Good on long-term growth, but inflationary for now
It has taken further steps to strengthen infrastructure development sector by increasing the share of the private sector in investment. The move towards widening sectors like irrigation, common infrastructure in agricultural markets, oil and gas storage facilities, to become eligible for viability gap funding has to be seen in this context. The Budget has also doubled the limits for tax-free bonds for financing infrastructure projects, which is positive.
Reducing withholding tax on interest payments on external commercial borrowings will also help to provide lower cost funds to infrastructure sectors like power, airlines, road and bridges, affordable housing and fertiliser.

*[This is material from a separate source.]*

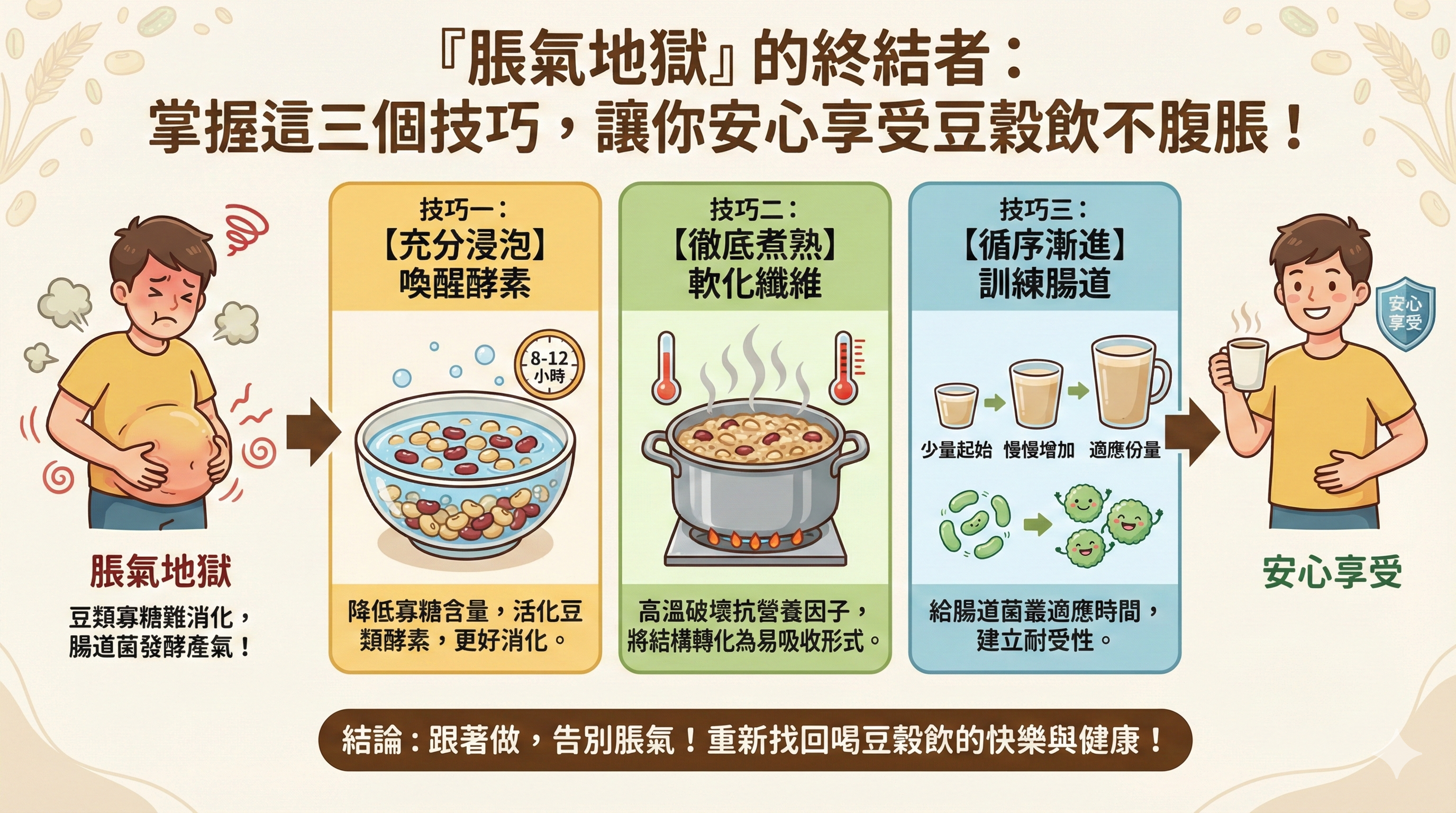 Q042 「脹氣地獄」的終結者: 掌握這三個技巧,讓你安心享受豆穀飲不腹脹!

The service tax based on negative list of only 17 items is a good move to garner more resources to keep the fiscal deficit under check.
The attempt to introduce amendments to the Fiscal Responsibility and Budget Management (FRBM) Act towards expenditure reforms is also welcome. The proposed provision for Medium Term Expenditure Framework is particularly important as it will set a three-year rolling target for expenditure targets. This will provide better resource allocations and efficiencies in expenditure management. The effectiveness of these would, however, depend particularly on implementation at the state-government level.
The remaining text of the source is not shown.